▸ What to work on
Exact copies of all the lines below are wanted, without a single picture.

▸ Recorded data
────────────────────────────────────────

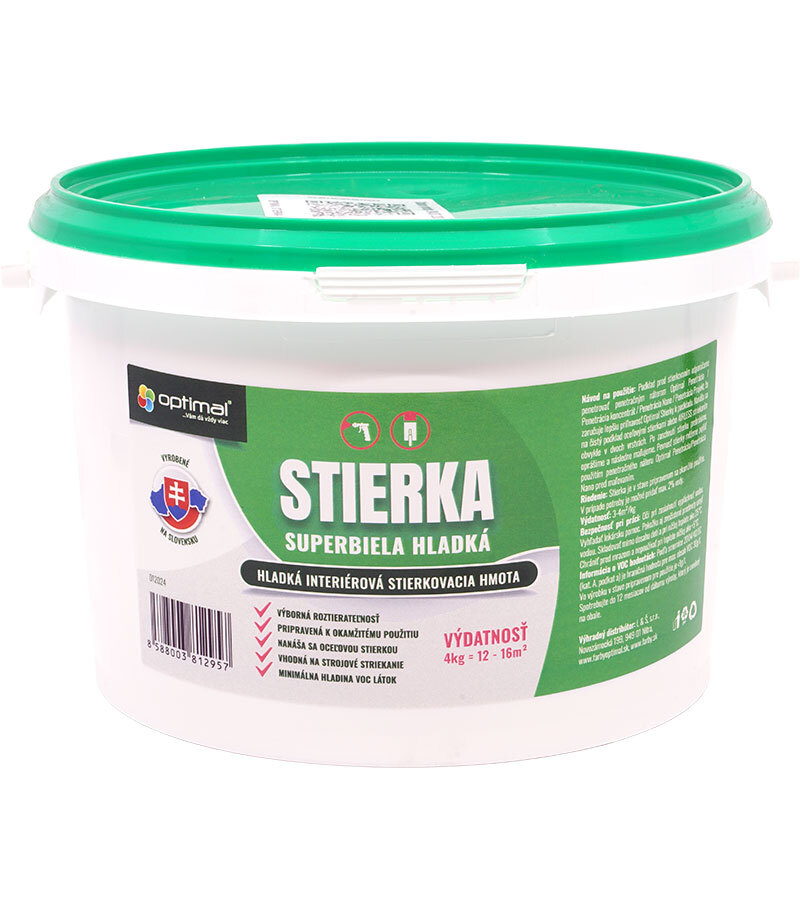 Stierková hmota, sa používa na vnútorné povrchové úpravy bytových, občianskych a priemyselných stavieb. Vhodnými podkladmi sú betón, pórobetón, sadrokartón a ostatné silikátové podklady. Nie je vhodná na nanášanie na umakart. Dodáva sa k priamemu použitiu v pastovitej konzistencii a svetlom prevedení, bez zhlukov a nerozmiešaných spojív. Je možné ju používať ako podkladovú vrstvu pod maľby, tapety alebo ako konečnú povrchovú úpravu. Podklady musia byť pevné, čisté a zbavené prachu. Poškodené miesta, ktoré sú hlbšie ako 3mm, musia byť pred nanášaním stierky vyspravené. Podklady je pred aplikáciou stierky vhodné napenetrovať. Stierka sa môže nanášať striekacími zariadeniami na omietkové hmoty, alebo ručne pomocou murárskych hladítok do hrúbky max. 1,5 – 2mm. V prípade potreby po zatvrdnutí je možné stierkovú hmotu naniesť aj druhýkrát. Výdatnosť je 1,8kg/m2 pri hrúbke 1,5mm Balenie: 1,8kg, 4kg, 7kg, 15kg, 30kg
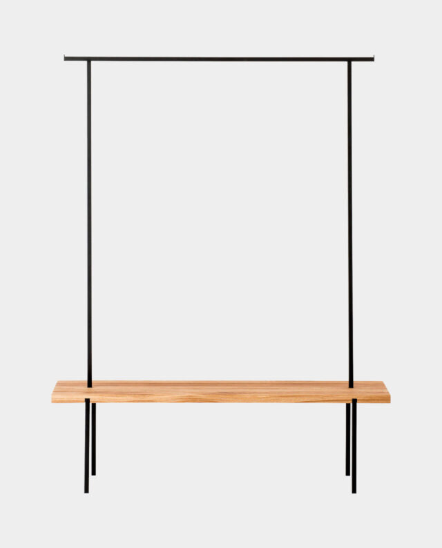 Die Garderobe mit einer Sitzfläche aus massiver Eiche ist ein Akzent und Ordnungshelfer im Flur, Ankleide- oder Schlafzimmer. Sie bietet Platz zum Hinsetzen, um bequem Schuhe zu binden und Stellfläche für Taschen. Ausreichend Hängemöglichkeit für Jacken, Mänteln und Kleidung gibt das handgeschweißte Gestänge.
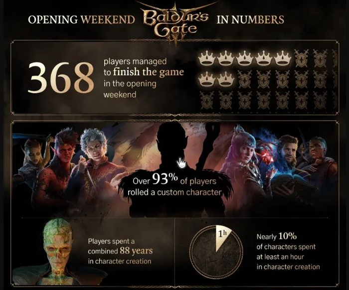 根据8月11日拉瑞安工作室公布的首周游戏数据,仅有368名玩家在3天72小时内成功通关了《博德之门3》。

────────────────────────────────────────

▸ Output for this exercise
 Stierková hmota, sa používa na vnútorné povrchové úpravy bytových, občianskych a priemyselných stavieb. Vhodnými podkladmi sú betón, pórobetón, sadrokartón a ostatné silikátové podklady. Nie je vhodná na nanášanie na umakart. Dodáva sa k priamemu použitiu v pastovitej konzistencii a svetlom prevedení, bez zhlukov a nerozmiešaných spojív. Je možné ju používať ako podkladovú vrstvu pod maľby, tapety alebo ako konečnú povrchovú úpravu. Podklady musia byť pevné, čisté a zbavené prachu. Poškodené miesta, ktoré sú hlbšie ako 3mm, musia byť pred nanášaním stierky vyspravené. Podklady je pred aplikáciou stierky vhodné napenetrovať. Stierka sa môže nanášať striekacími zariadeniami na omietkové hmoty, alebo ručne pomocou murárskych hladítok do hrúbky max. 1,5 – 2mm. V prípade potreby po zatvrdnutí je možné stierkovú hmotu naniesť aj druhýkrát. Výdatnosť je 1,8kg/m2 pri hrúbke 1,5mm Balenie: 1,8kg, 4kg, 7kg, 15kg, 30kg
 Die Garderobe mit einer Sitzfläche aus massiver Eiche ist ein Akzent und Ordnungshelfer im Flur, Ankleide- oder Schlafzimmer. Sie bietet Platz zum Hinsetzen, um bequem Schuhe zu binden und Stellfläche für Taschen. Ausreichend Hängemöglichkeit für Jacken, Mänteln und Kleidung gibt das handgeschweißte Gestänge.
 根据8月11日拉瑞安工作室公布的首周游戏数据,仅有368名玩家在3天72小时内成功通关了《博德之门3》。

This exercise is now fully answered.